Support Questions

Find answers, ask questions, and share your expertise
Announcements
Celebrating as our community reaches 100,000 members! Thank you!

Kafka json events filter on event name & event type and save to cassandra. Which is better kafka->Storm->Cassandra or kafka->Nifi->Cassandra?

avatar
Expert Contributor

Consuming kafka json events and filtering on event type & event name and then finally save them to cassandra. Which is better kafka->Storm->Cassandra or kafka->Nifi->Cassandra?

1 ACCEPTED SOLUTION

avatar

I think kafka->Storm->Cassandra is batter as similar architecture worked very well in our use case...

https://www.linkedin.com/pulse/real-time-data-ingestion-easy-simple-co-dev-neeraj-sabharwal

View solution in original post

8 REPLIES 8

avatar

I think kafka->Storm->Cassandra is batter as similar architecture worked very well in our use case...

https://www.linkedin.com/pulse/real-time-data-ingestion-easy-simple-co-dev-neeraj-sabharwal

avatar
Expert Contributor
@Mukesh Kumar

i think you are right but just wondering for only filtering the events dont u think its a overkill to use storm as we have to implement lot of code and maintain a big cluster for storm whereas we can do it quickly in Nifi. What do u say?

avatar
Master Guru

Both approaches could work. This type of filtering task is well suited for NiFi and you could likely use the EvaluateJsonPath and RouteOnAttribute processors to perform the filtering, and the PutCassandraQL processor to insert to Cassandra, and not have to write any code.

avatar
Expert Contributor

@Bryan Bende i was looking to use Nifi as well but not sure if it would work. However i have created the PutCassandraQL processor and in terms of insert query not sure how to pass it as input to the putcassandra processor? My Kafka json event is complex and nested. Currently iam filtering on eventName using EvaluateJsonPath and RouteOnAttribute processors but i need to pass the input to putcassandra processor in a cql insert query format i guess and iam not aware of it.

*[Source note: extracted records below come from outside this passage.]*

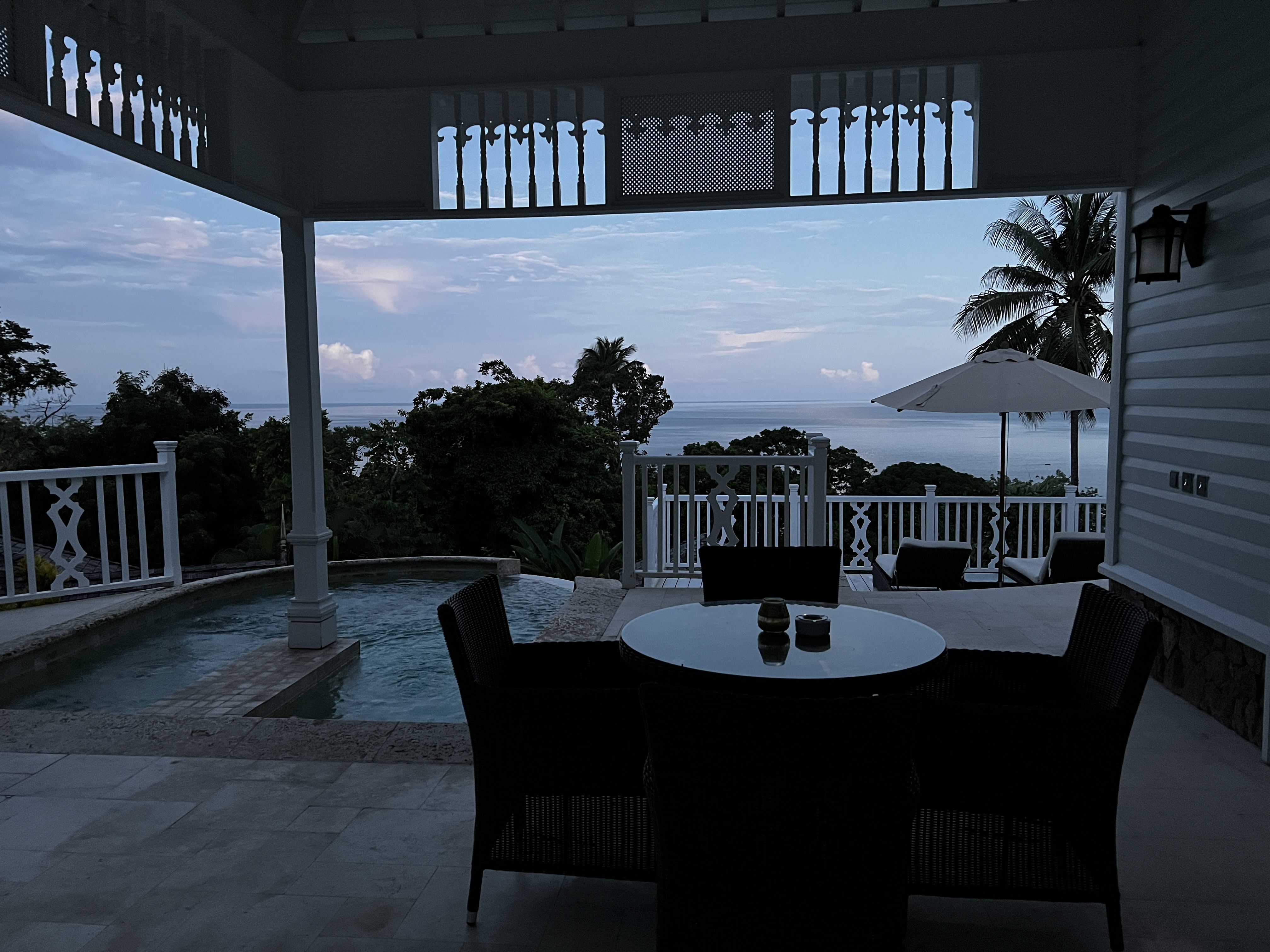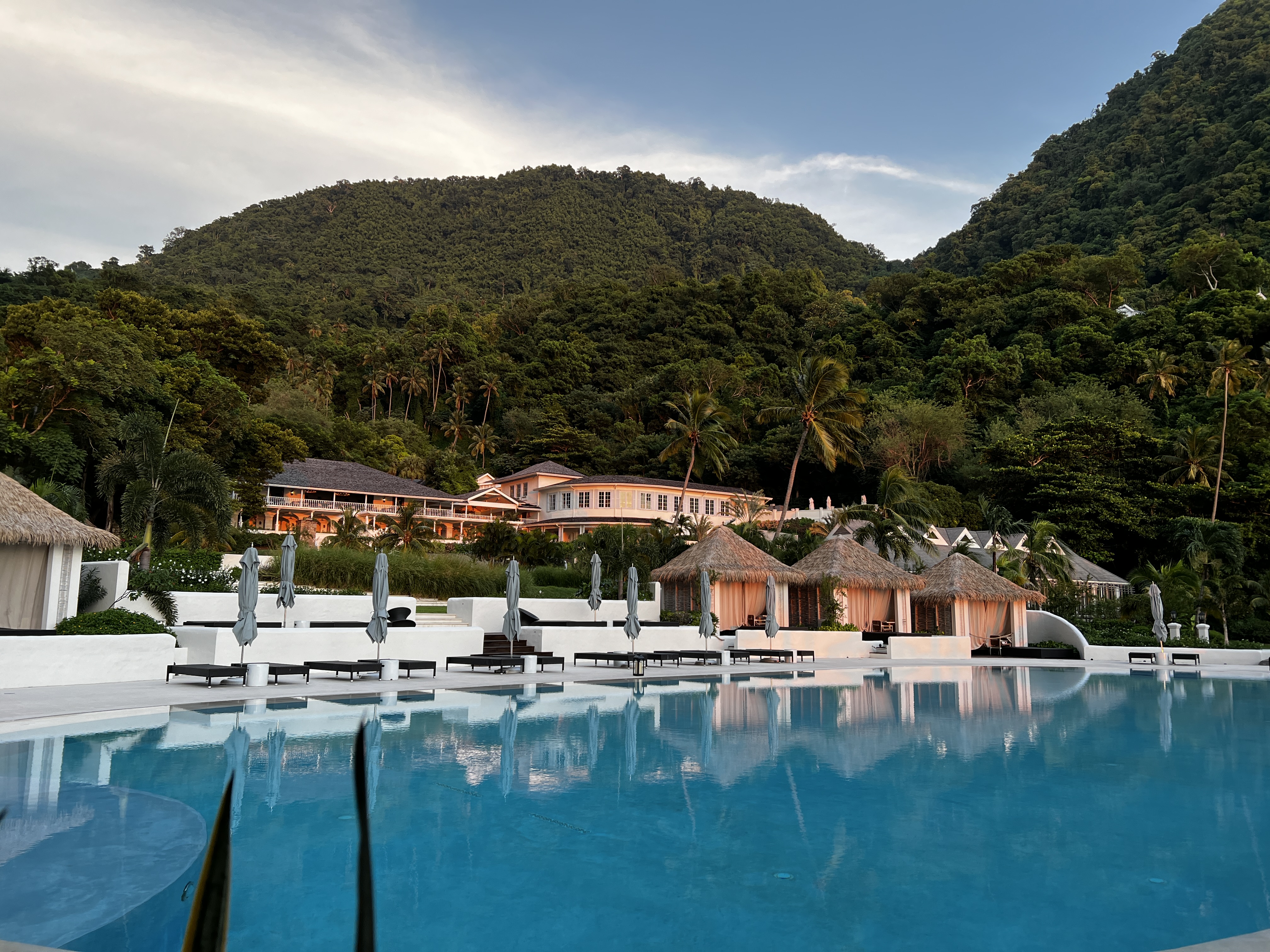 The rooms feature a “clean” aesthetic, showcasing dark floors paired with crisp white linens and a breathtaking view of the Pitons. We enjoyed a spacious closet—larger than my own at home—a soaking tub, and a separate shower. The living area was complete with comfortable couches and a television, as well as a half bath.
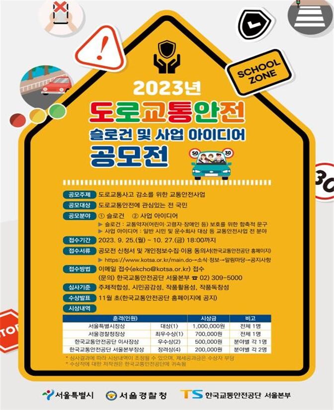 [세계로컬타임즈 이효진 기자] 서울시는 서울경찰청, 한국교통안전공단과 함께 오는 27일까지 전 국민을 대상으로 ‘도로교통안전 표어(슬로건) 및 사업 아이디어 공모전’을 개최한다.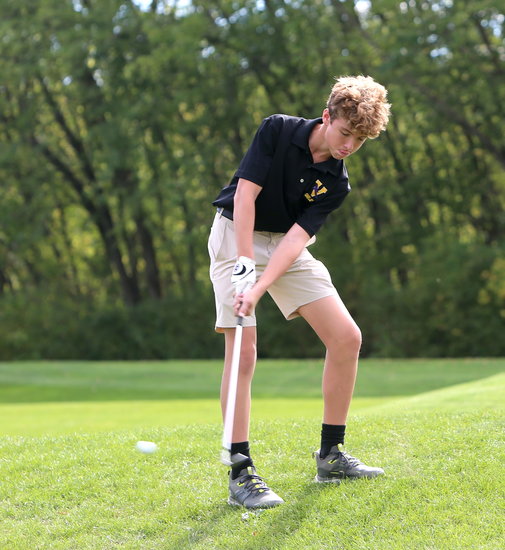 Head down: Blackbirds’ Andreas Amedore looks at the ground as he makes contact with his ball for a chip shot towards the green. Amedore shot a 91.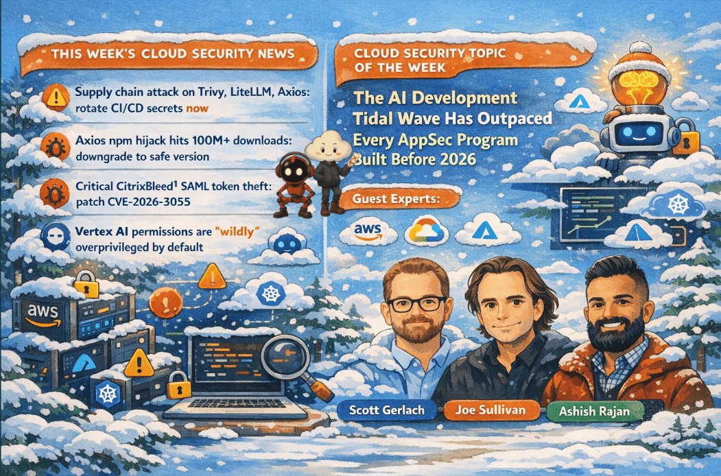 This edition covers the most consequential software supply chain attack since XZ Utils the TeamPCP campaign that compromised Trivy, LiteLLM, Telnyx, and the Axios npm package across five developer ecosystems while Cloudflare's former CSO Joe Sullivan and StackHawk co-founder Scott Gerlach share hard-won lessons on why Application Security, runtime testing, and AI-augmented development teams are reshaping the CISO's mandate in 2026. Keywords: supply chain attack, AppSec, DAST, CI/CD security, Vertex AI permissions, CISO operating model, AI-accelerated development, runtime security.
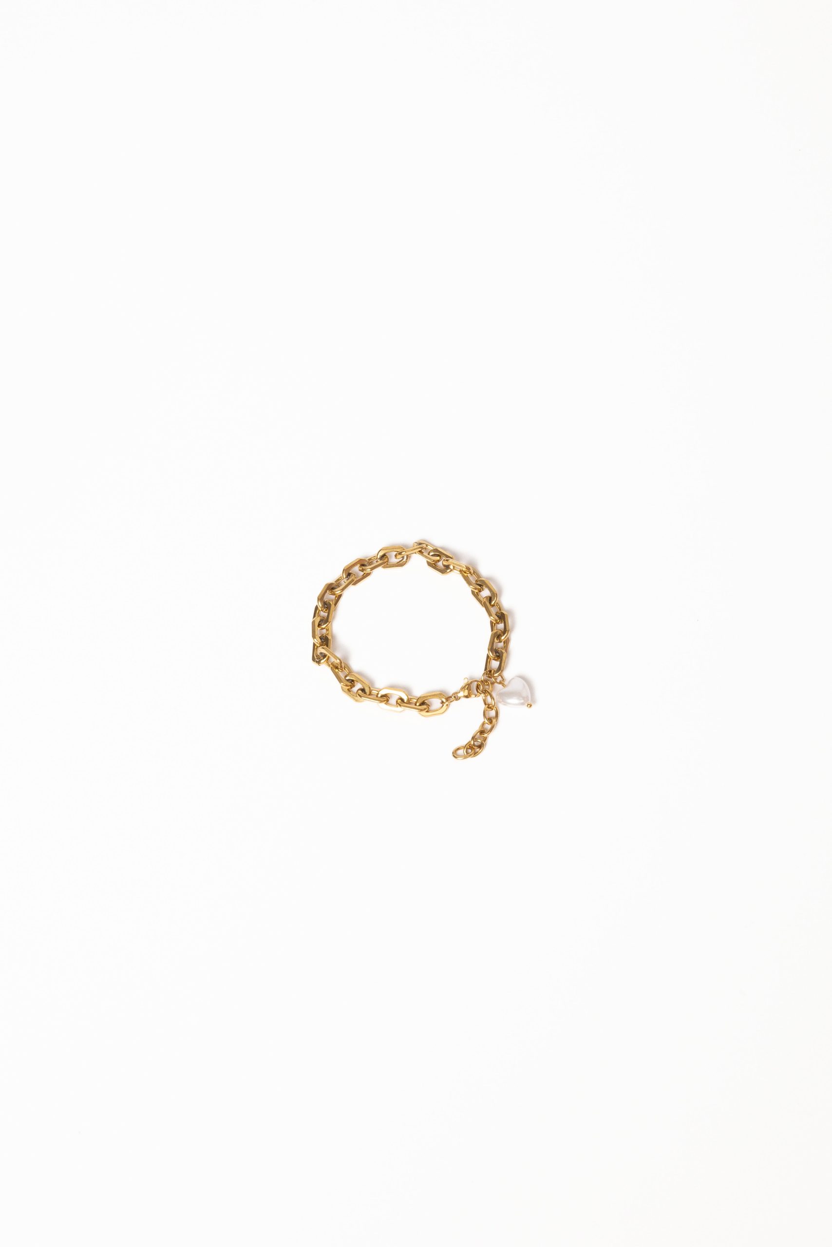 Add a touch of timeless elegance to your look with the Kaelani Bracelet in Gold Pearl. Featuring a chic gold link chain paired with a dainty faux pearl heart charm. this bracelet is the perfect blend of classic and modern design.

Any suggestions to pass the insert query to putcassandra. thank u

avatar
Master Guru

I personally haven't used the PutCassandraQL processor so @Matt Burgess may know more than me, but I think it expects the content of the FlowFile to contains a CQL statement using ? to escape the parameters.

So lets say your insert statement is, you could use ReplaceText processor and set the Replacement Value property to something like this:

INSERTINTO mytable (field1, field2) VALUES (?, ?)

Before getting to that processor you would need to setup the following FlowFile attributes:

cql.args.1.value = value1
cql.args.1.type = string
cql.args.2.value = value2
cql.args.2.type = string

The value attributes could come from EvaluateJsonPath extracting the appropriate values, and the type attributes could be added by UpdateAttribute.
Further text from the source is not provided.